### WHAT YOU NEED TO DO:
The reply should consist solely of the lines from the one that holds "Fiecare apartament este" through the last line of the material, reproduced exactly; no pictures belong in it.

### DATASET EXTRACT:
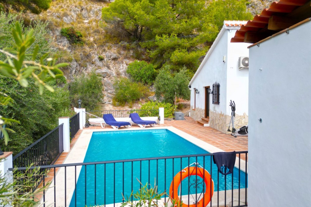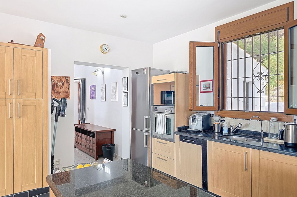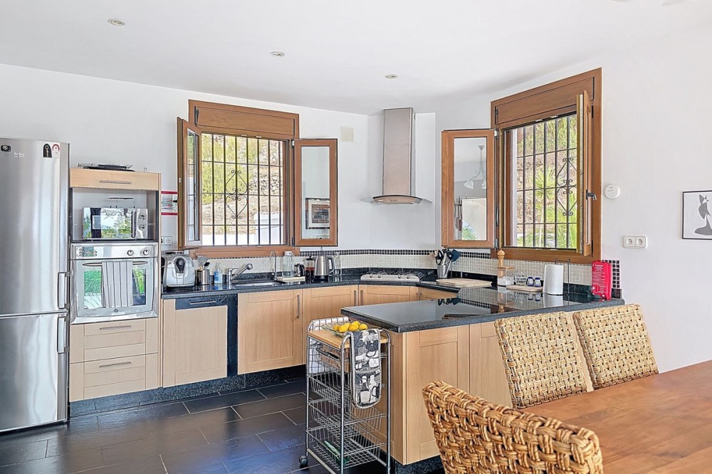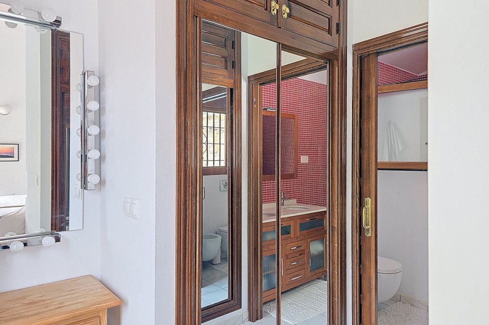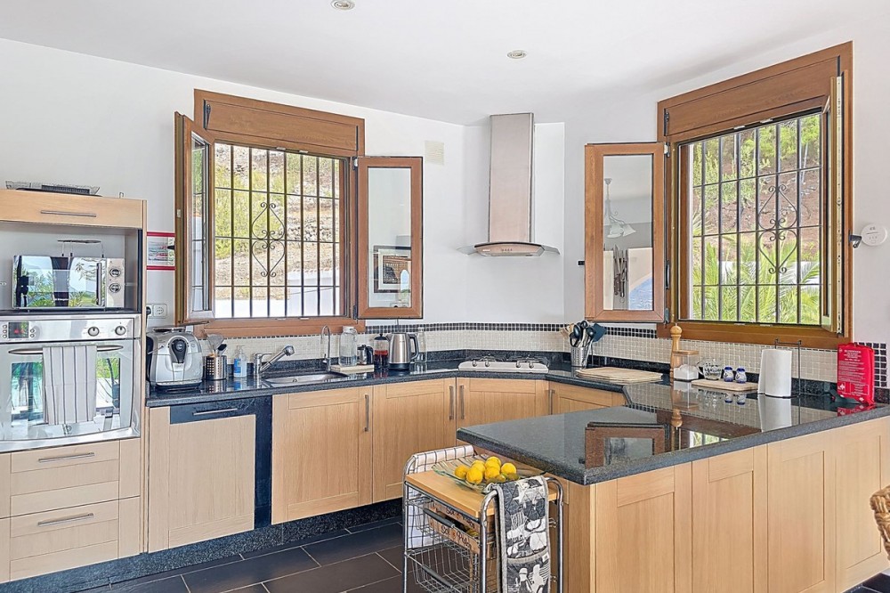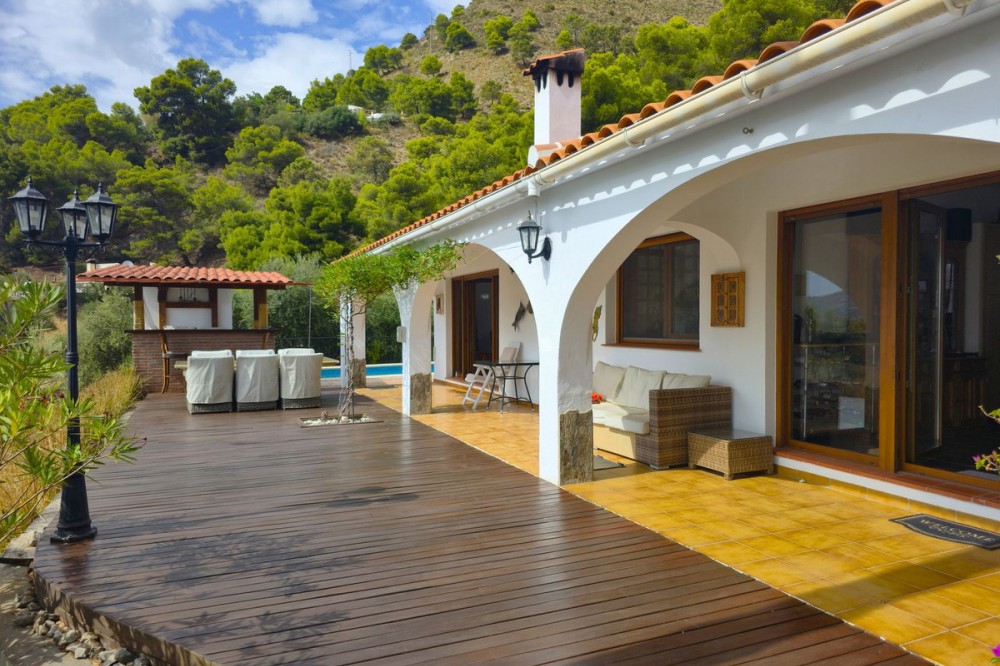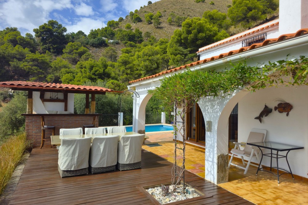 • Exclusive Spacious Villa with Guest Suite, Heated Saltwater Pool and Panoramic Sea Views ✨ This exclusive villa of 424 m², built in 2010 and impeccably maintained, perfectly combines comfort, space, and privacy in a prestigious Andalusian setting. With approximately 200 m² of living space and a 3,600 m² plot, it is ideal for those seeking tranquility without compromising on luxury. The main house features three spacious bedrooms, including one with an en-suite bathroom, and a total of three bathrooms. The bright living room with fireplace and direct access to the terraces forms the heart of the home. Additionally, there is a separate laundry room with office space, perfect for practical use or working comfortably from home. A special highlight is the garage with polyvalent space and its own bathroom, above which is an independent living unit with bedroom and lounge – perfect as a guest suite, studio, or for family members who value privacy. Outdoors, you will find everything for the ultimate Mediterranean lifestyle: a beautifully landscaped garden, several sunny terraces, a heated saltwater pool, and a stylish bar with outdoor kitchen – ideal for long summer evenings and entertaining guests. With a south-facing orientation, you can enjoy the sun all day and breathtaking panoramic sea views over the surrounding landscape. For extra comfort, the villa offers air conditioning, individual heating, built-in wardrobes, storage space, a balcony, and parking facilities. An exclusive opportunity for those seeking a versatile and prestigious villa in Andalusia, where luxury living, relaxation, and breathtaking views come together perfectly.
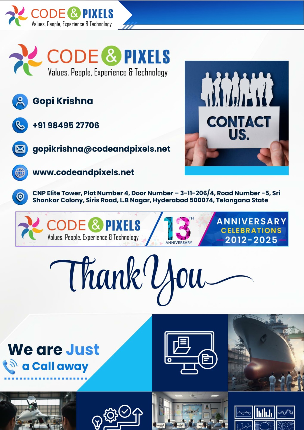7. •Eco-friendly documentation practice •Alignment with Digital India and Atmanirbhar Bharat initiatives Key Measurable Benefits Parameter Before IETM/CBT After Implementation Training Time 100% baseline Reduced by 30–40% Maintenance Error Rate High due to manual lookup Reduced by 60% Documentation Update Time Weeks to months Within hours Operational Downtime Long during fault diagnosis Reduced by 50% Knowledge Retention (Training) 50–60% Improved to 85–90% CODEANDPIXELS.NET IETM@CODEANDPIXELS.NET 9849527706 Page 7
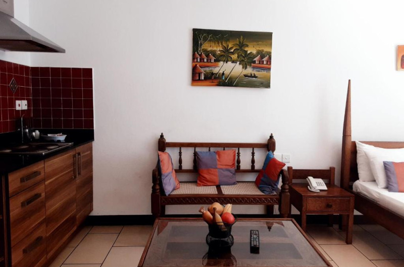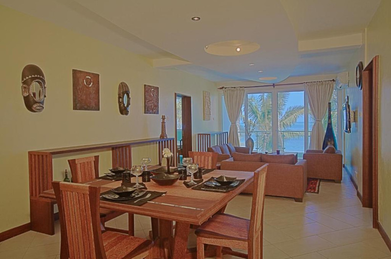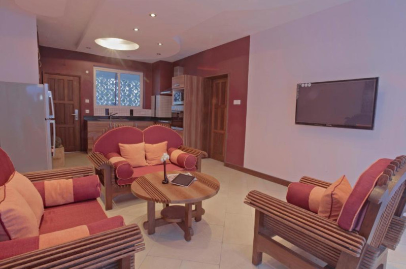 Fiecare apartament este dotat cu bucătărie complet utilată, zonă de living și dining, precum și aer condiționat. Restaurantul proprietății servește preparate din bucătăria internațională și specialități locale, cu accent pe fructe de mare proaspete. Pentru cei activi, zona oferă multiple posibilități de snorkeling și sporturi nautice.
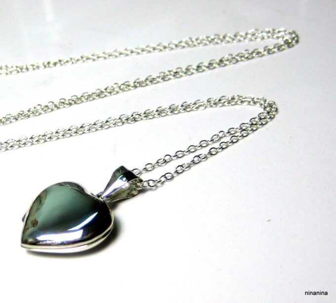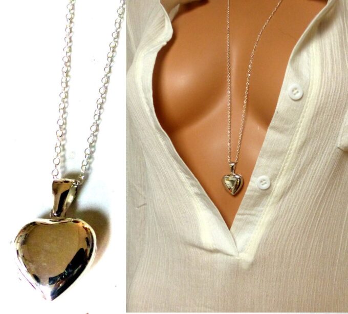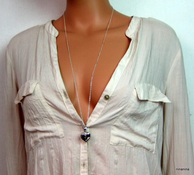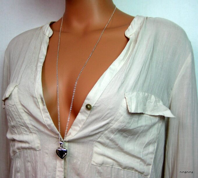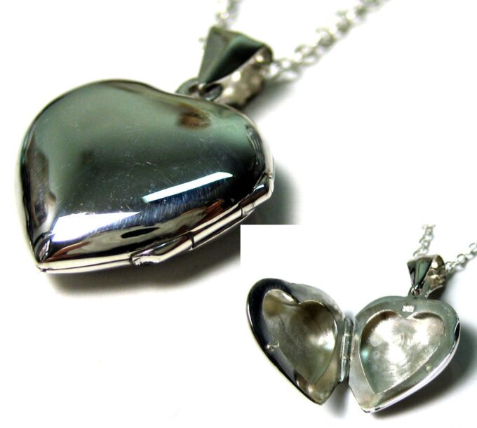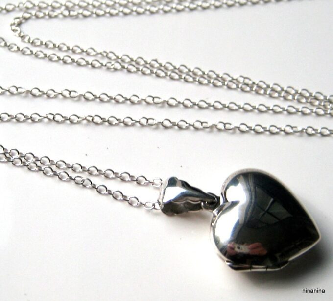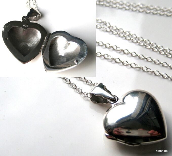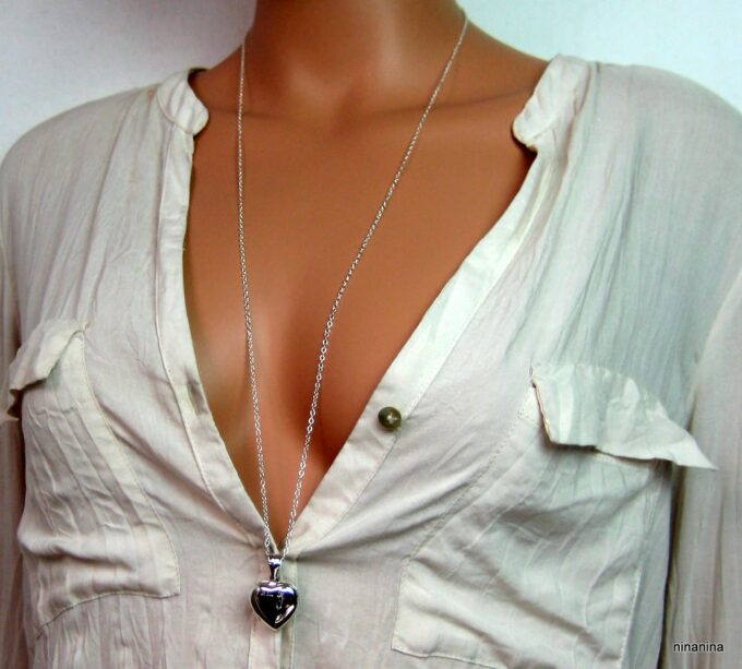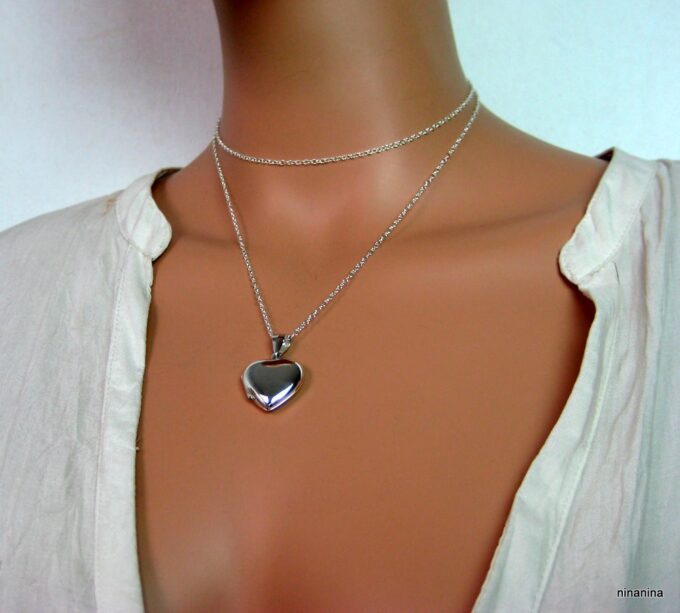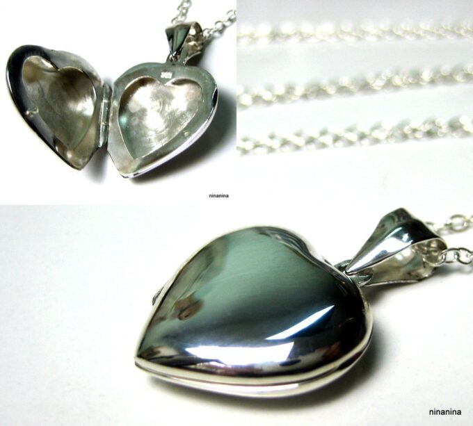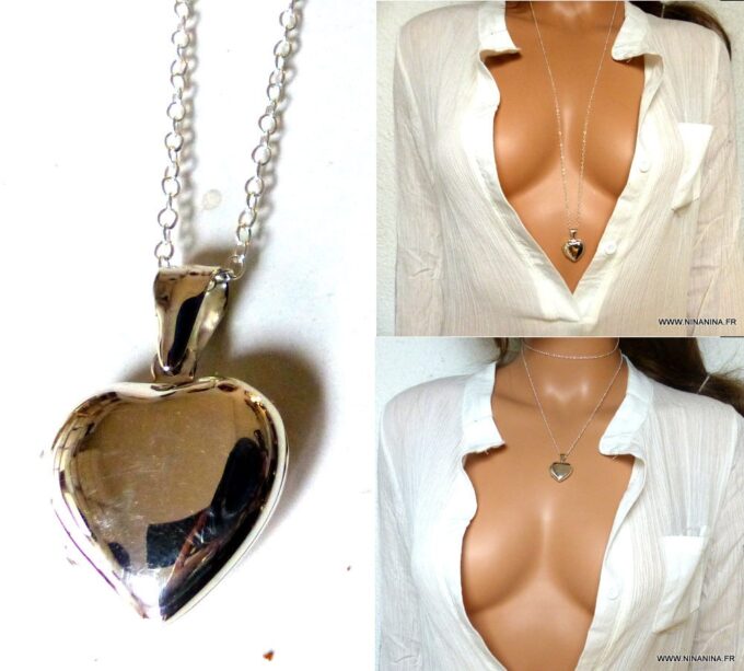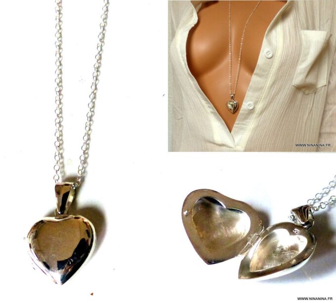 Collier femme long coeur porte photo argent massif composé d’un pendentif coeur porte-3photo en argent 925 monté sur une chaînette (1mm de diamètre) en argent 925.

### WRITTEN RESPONSE:
 Fiecare apartament este dotat cu bucătărie complet utilată, zonă de living și dining, precum și aer condiționat. Restaurantul proprietății servește preparate din bucătăria internațională și specialități locale, cu accent pe fructe de mare proaspete. Pentru cei activi, zona oferă multiple posibilități de snorkeling și sporturi nautice.
 Collier femme long coeur porte photo argent massif composé d’un pendentif coeur porte-3photo en argent 925 monté sur une chaînette (1mm de diamètre) en argent 925.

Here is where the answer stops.